Tobias crossed his arms across his chest and leaned back against the front door. “It sounds like you’re convinced Lila has done something wrong.”

“She’s not exactly an open book.”

“She’s not that hard to figure out either.”

From what Ginny could tell, no one in town agreed. Literally, no one. They all described Lila as pretty but pointed out how she didn’t seem to support Aaron’s career. That was her big sin in many people’s eyes. “You’re alone in that assessment.”

“When we were in practice together and would have a case involving a felony, like drugs or murder or whatever, Lila would give this speech. She’d talk to clients and their families and sometimes their friends about how she didn’t have any ethical responsibility to tell law enforcement where to go find evidence, but if someone moved the evidence and gave it to her so that the police couldn’t find it, then there was a problem.”

“Sounds like a criminal defense attorney way of rationalizing the law.” And she didn’t mean that as a compliment. “I’d argue she’d have a moral responsibility to do the right thing in either case, but okay.”

“One day a man comes in with a gun. He’s not our client. He’s our client’s brother, and he’s heard the speech, but thepolice were closing in and he couldn’t hide the weapon his brother used to kill his wife for fear of being exposed.”

“He sounds lovely.”

Tobias flashed a smile. “You don’t always get to pick who you defend.”

She didn’t think that was true in a private firm, but she let it go. “So, he brought it in to you... and?”

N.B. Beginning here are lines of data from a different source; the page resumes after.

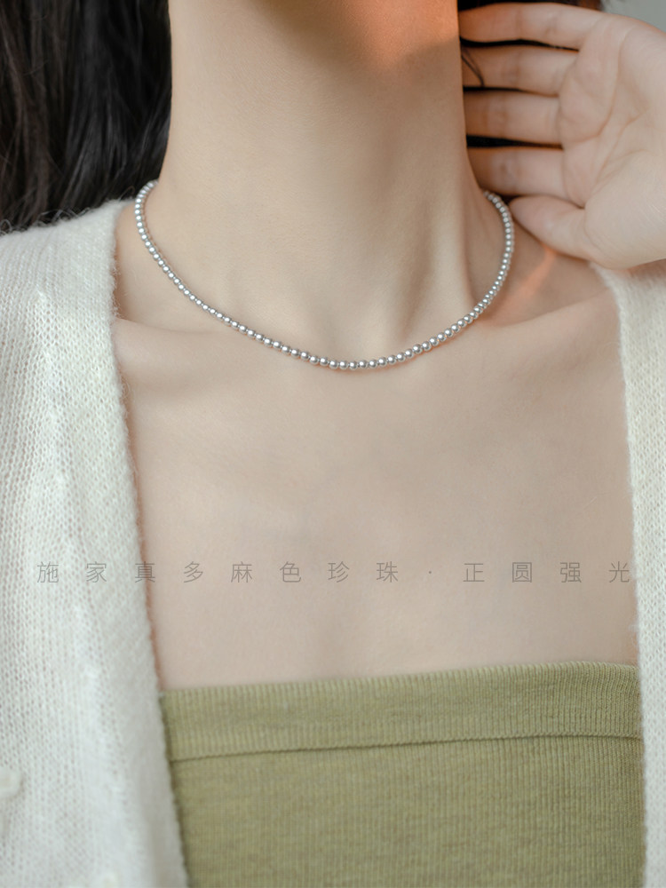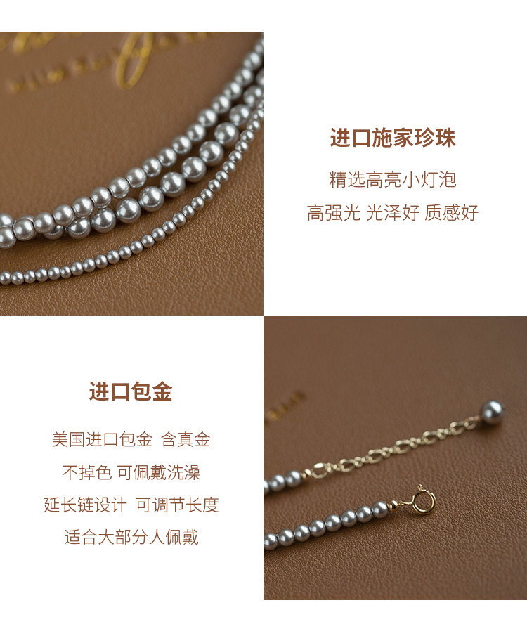 【开春特惠】真多麻灰珍珠施华项链女14K包金轻奢百搭锁骨链ins
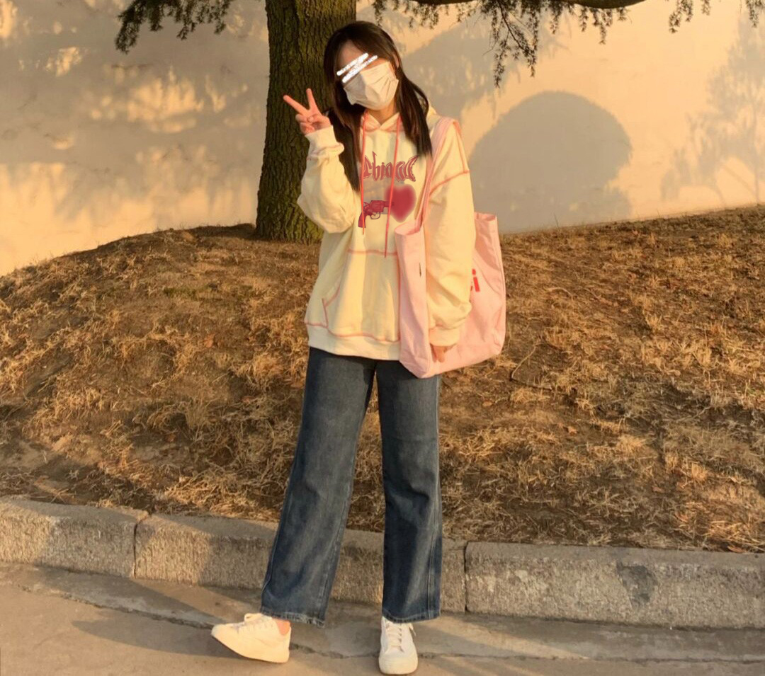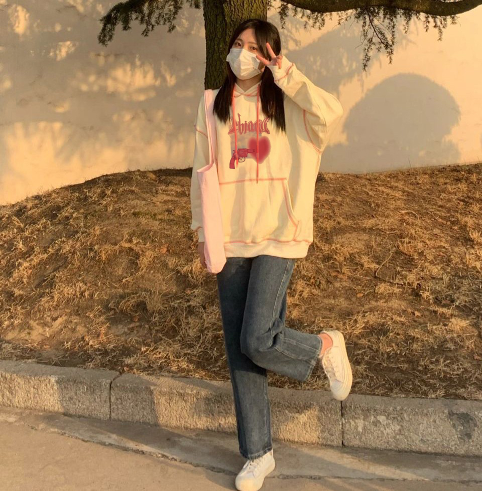韓版杏色連帽加絨衛衣秋冬女甜妹多巴胺穿搭慵懶風oversize外套潮
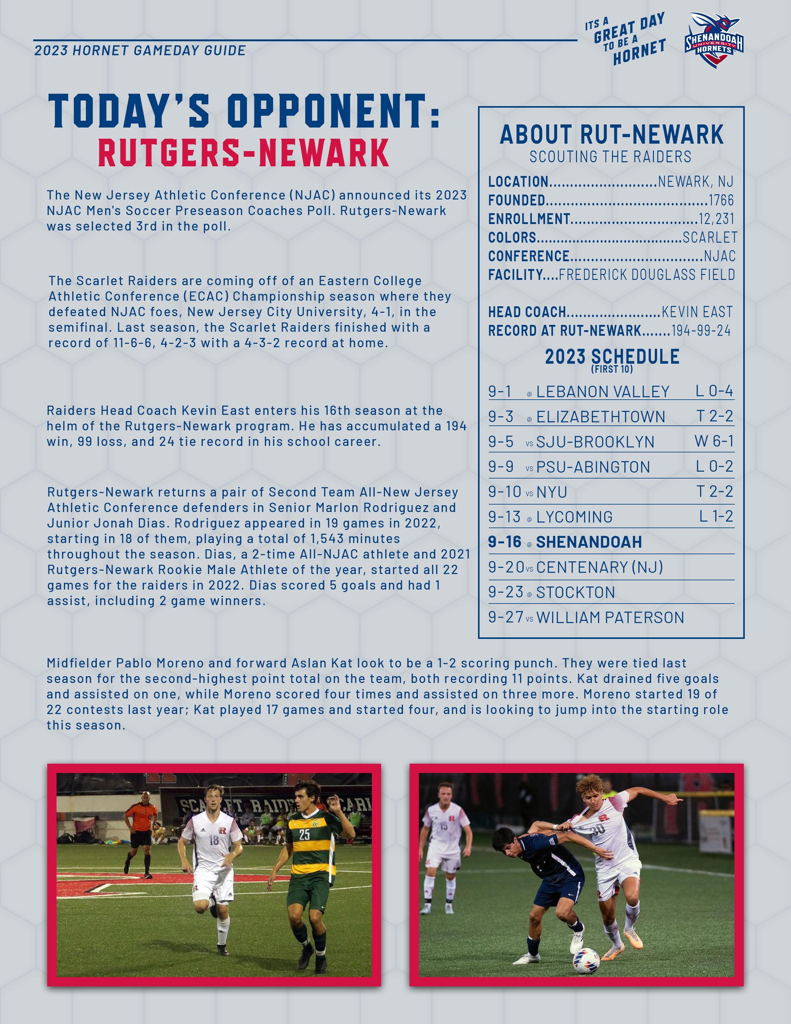 SU Men's Soccer vs Rutgers-Newark Gameday Program
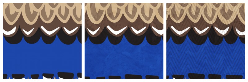 I drew a vector illustration for this design, layering the feathers so I could make a repeating pattern. I felt like the design was a little flat. I often feel this way about vector designs, I often feel like they need a little more texture. So I layered it first with a watercolor pattern to give it some light/dark/grunge. Then I added a chevron stripe to mimic the “grain” of feathers.
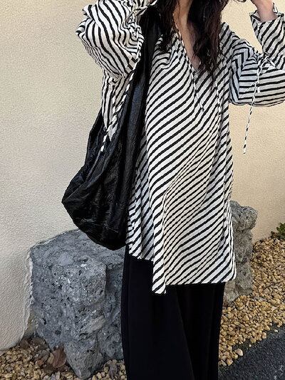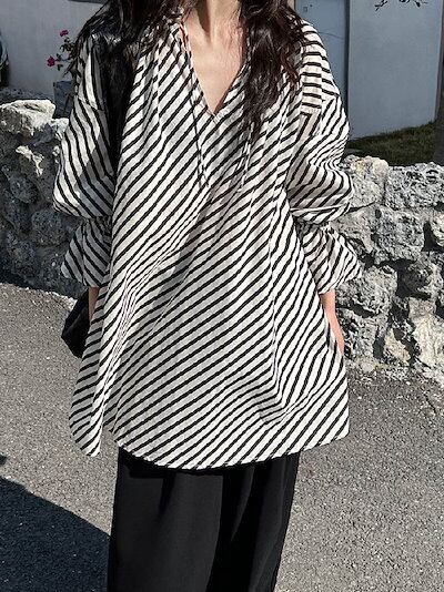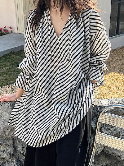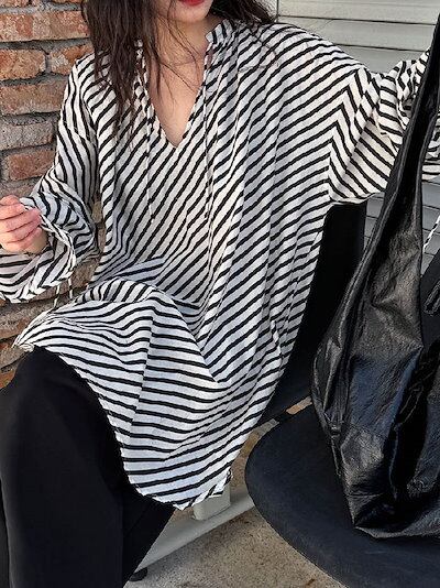 チュニック 長袖 レディース 夏 春 秋 フレア袖 フリル袖 大きいサイズ ゆったり チュニック ストライプ柄 Tシャツ ロンT ブラウス キーネック オシャレ カジュアル 着回し 体型カバー ゆった
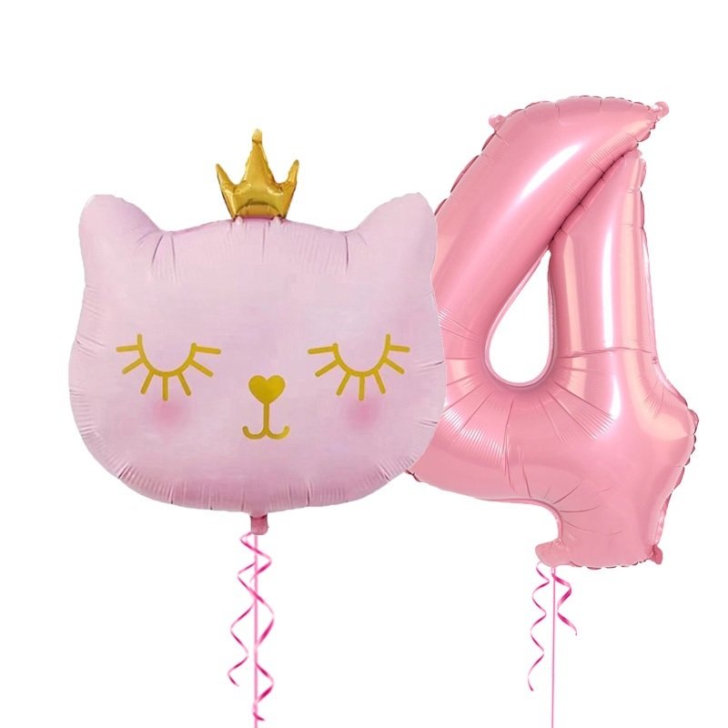 2pcs Cute Pink Number Cat Head Balloons Baby Shower Globos Kids Toy
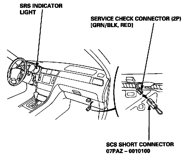 Special Tools Required: SCS Service Connector 07PAZ - 00101001. Turn the ignition switch OFF, and wait for ten seconds. Then connect the SCS short connector to the service check connector (2P). If you don't wait ten seconds, the SRS unit won't be completely reset or output DTCs.
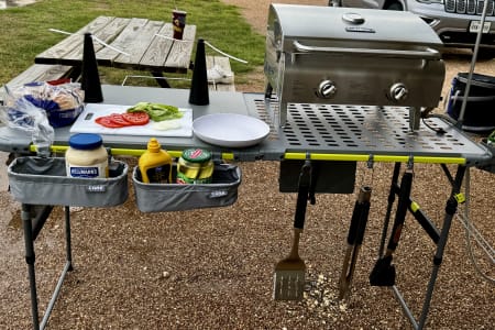 •This unit includes a Blackstone propane griddle that attaches to the camper. Or, if you prefer, we offer a fantastic grill and grilling table with all the accessories you could possibly want for an additional fee. Check it out in the photos!

“Lila left the room and called the police.” His arms fell to his sides, and he smiled. “Cost us our case. The client and his brother had to plead. They tried to sue us, but Lila had followed the rules.”

He acted like he’d shared some big morality lesson with her. “I’m not clear on the point of this story.”

“A lot of other attorneys would have reminded the person about their earlier speech and made a big deal of going to the bathroom or taking a call, giving the person the chance to fix their mess.”

Lawyers.“I don’t know how you do what you do.”

“Criminal defense is more interesting than probate work. Trust me.” He waved a hand as if to dismiss the moment of amusement in his voice. “But my point is that you’re dealing with the same Lila. She follows the rules. She does not flinch.”

That last part they agreed on... so far. But Ginny believed everyone had a flinching point. “Is that really the moral of your story?”

“You think it says something else about her?”